### Assignment
Return only the lines of the data below from the line with "(「神話巡り1300円ツアー」では鵜戸は訪ねません) 鵜戸神宮付近で撮影したものです。 |" up to and including the line with "在老师专业的指导下,家人们认", exactly as written, with the pictures omitted.

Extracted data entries
※

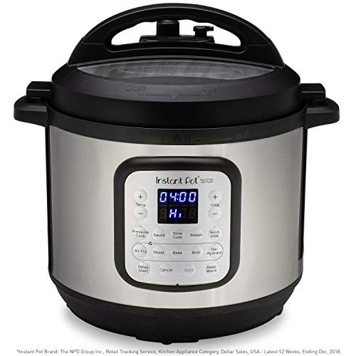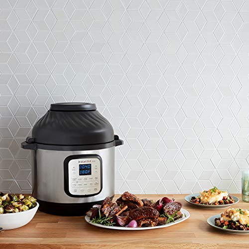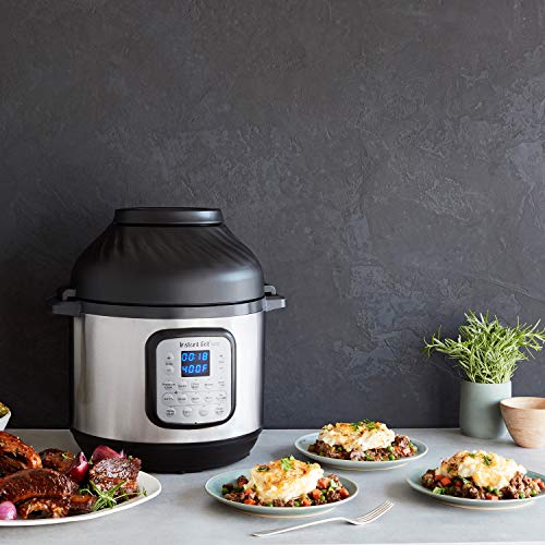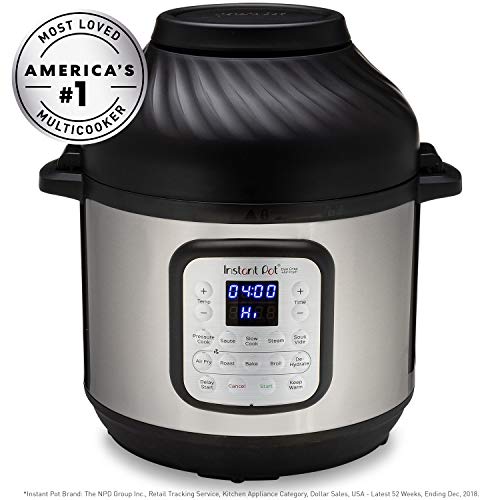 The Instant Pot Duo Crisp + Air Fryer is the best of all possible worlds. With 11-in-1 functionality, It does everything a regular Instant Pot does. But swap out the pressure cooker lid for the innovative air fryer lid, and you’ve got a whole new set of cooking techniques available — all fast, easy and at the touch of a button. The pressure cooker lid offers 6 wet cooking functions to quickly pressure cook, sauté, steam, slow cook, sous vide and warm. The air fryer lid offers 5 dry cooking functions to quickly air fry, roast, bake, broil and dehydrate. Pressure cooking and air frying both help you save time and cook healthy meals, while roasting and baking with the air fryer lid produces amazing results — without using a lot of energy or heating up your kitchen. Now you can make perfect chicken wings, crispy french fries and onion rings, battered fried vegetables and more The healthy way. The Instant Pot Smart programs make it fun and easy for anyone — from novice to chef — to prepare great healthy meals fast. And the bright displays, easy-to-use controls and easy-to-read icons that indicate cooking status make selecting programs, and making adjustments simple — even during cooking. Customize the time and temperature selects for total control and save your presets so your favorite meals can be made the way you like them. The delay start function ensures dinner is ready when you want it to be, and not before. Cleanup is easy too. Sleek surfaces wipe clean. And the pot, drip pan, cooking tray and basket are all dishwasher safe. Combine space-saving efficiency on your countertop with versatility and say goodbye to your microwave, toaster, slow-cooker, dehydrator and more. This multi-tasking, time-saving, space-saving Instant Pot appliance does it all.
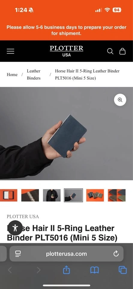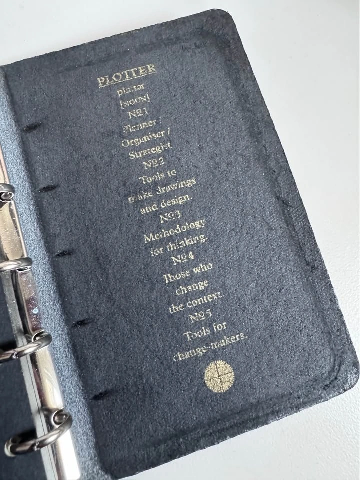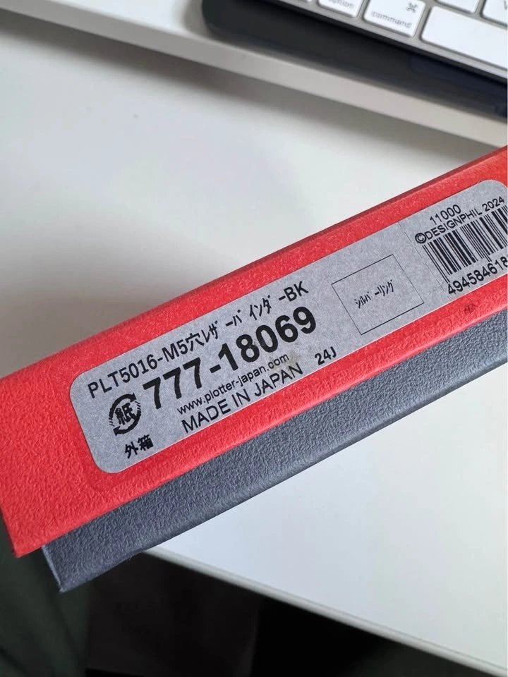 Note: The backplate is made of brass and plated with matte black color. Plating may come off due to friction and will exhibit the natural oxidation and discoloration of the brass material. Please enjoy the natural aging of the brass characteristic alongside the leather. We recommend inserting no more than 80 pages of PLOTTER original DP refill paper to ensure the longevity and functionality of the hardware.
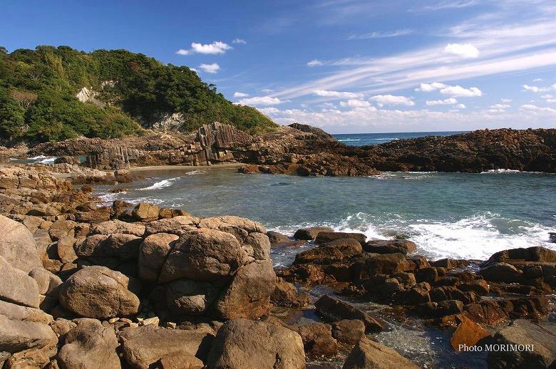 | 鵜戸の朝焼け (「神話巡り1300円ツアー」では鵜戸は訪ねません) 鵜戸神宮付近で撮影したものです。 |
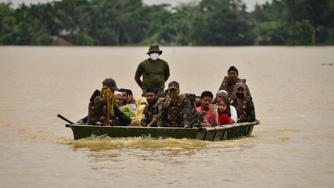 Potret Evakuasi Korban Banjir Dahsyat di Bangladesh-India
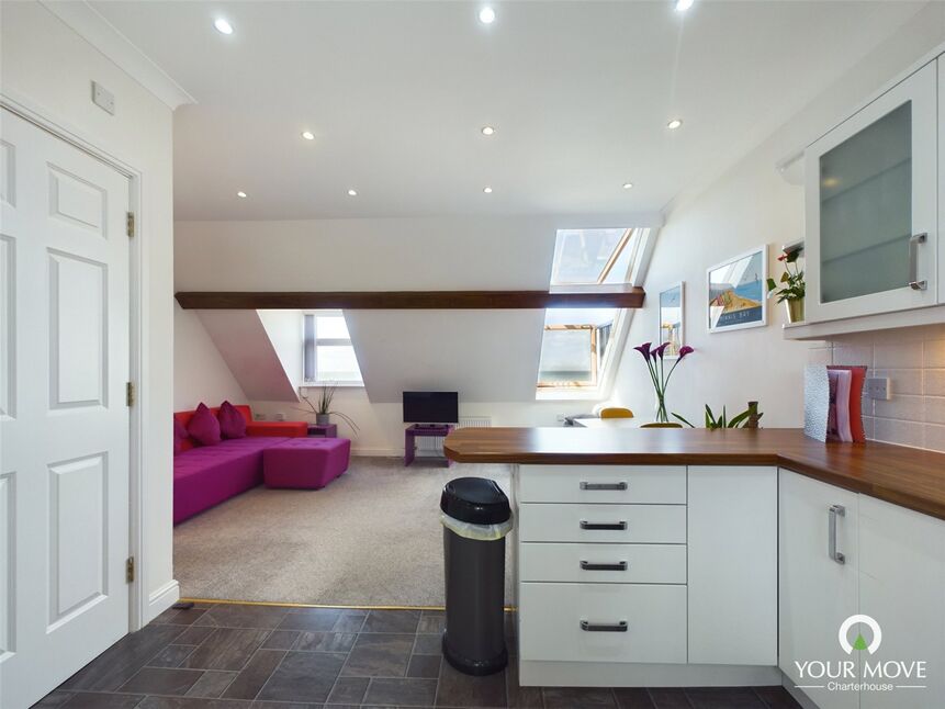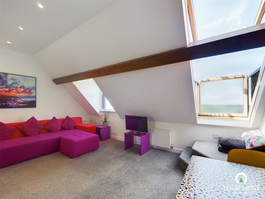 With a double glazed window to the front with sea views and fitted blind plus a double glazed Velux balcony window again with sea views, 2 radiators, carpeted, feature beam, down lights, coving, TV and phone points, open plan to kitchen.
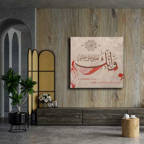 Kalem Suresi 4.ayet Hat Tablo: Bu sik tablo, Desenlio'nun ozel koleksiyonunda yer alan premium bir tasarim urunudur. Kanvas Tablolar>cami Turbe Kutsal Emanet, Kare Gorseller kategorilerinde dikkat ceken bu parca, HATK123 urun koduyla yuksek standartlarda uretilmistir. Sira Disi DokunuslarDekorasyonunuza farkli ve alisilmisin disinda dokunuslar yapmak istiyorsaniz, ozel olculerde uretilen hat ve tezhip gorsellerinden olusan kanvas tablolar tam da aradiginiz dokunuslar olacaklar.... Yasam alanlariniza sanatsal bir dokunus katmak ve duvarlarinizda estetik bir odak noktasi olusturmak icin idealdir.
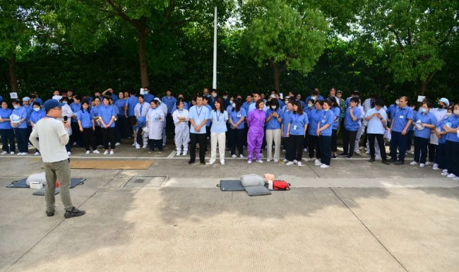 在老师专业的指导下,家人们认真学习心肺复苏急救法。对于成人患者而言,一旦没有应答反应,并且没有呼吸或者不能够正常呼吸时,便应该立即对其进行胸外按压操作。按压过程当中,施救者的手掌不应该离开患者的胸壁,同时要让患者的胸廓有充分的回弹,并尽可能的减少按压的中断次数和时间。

※

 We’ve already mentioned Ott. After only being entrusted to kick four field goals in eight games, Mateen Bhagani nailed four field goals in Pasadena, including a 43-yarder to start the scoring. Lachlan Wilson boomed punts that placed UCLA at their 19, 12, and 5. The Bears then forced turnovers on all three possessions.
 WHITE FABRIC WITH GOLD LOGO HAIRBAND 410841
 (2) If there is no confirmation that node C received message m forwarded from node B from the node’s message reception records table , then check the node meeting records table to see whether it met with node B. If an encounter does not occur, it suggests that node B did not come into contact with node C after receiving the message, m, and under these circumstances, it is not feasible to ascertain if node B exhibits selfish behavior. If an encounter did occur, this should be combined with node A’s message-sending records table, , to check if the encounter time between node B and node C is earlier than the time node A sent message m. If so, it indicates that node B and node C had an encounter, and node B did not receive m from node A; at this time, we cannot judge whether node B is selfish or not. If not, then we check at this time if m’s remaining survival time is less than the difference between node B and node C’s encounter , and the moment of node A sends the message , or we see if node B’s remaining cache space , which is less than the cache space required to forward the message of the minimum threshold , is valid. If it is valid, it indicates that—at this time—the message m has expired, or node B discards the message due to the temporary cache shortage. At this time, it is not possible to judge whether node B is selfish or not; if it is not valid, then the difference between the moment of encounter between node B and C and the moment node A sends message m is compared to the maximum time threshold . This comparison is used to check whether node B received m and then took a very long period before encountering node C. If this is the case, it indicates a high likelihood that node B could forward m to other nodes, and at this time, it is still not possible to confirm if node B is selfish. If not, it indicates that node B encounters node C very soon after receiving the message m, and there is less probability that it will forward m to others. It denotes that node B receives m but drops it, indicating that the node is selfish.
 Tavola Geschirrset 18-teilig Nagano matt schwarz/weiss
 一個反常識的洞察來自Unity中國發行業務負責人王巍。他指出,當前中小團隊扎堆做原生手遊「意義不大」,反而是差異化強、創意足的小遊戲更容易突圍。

※

### Answer below
 | 鵜戸の朝焼け (「神話巡り1300円ツアー」では鵜戸は訪ねません) 鵜戸神宮付近で撮影したものです。 |
 Potret Evakuasi Korban Banjir Dahsyat di Bangladesh-India
 With a double glazed window to the front with sea views and fitted blind plus a double glazed Velux balcony window again with sea views, 2 radiators, carpeted, feature beam, down lights, coving, TV and phone points, open plan to kitchen.
 Kalem Suresi 4.ayet Hat Tablo: Bu sik tablo, Desenlio'nun ozel koleksiyonunda yer alan premium bir tasarim urunudur. Kanvas Tablolar>cami Turbe Kutsal Emanet, Kare Gorseller kategorilerinde dikkat ceken bu parca, HATK123 urun koduyla yuksek standartlarda uretilmistir. Sira Disi DokunuslarDekorasyonunuza farkli ve alisilmisin disinda dokunuslar yapmak istiyorsaniz, ozel olculerde uretilen hat ve tezhip gorsellerinden olusan kanvas tablolar tam da aradiginiz dokunuslar olacaklar.... Yasam alanlariniza sanatsal bir dokunus katmak ve duvarlarinizda estetik bir odak noktasi olusturmak icin idealdir.
 在老师专业的指导下,家人们认真学习心肺复苏急救法。对于成人患者而言,一旦没有应答反应,并且没有呼吸或者不能够正常呼吸时,便应该立即对其进行胸外按压操作。按压过程当中,施救者的手掌不应该离开患者的胸壁,同时要让患者的胸廓有充分的回弹,并尽可能的减少按压的中断次数和时间。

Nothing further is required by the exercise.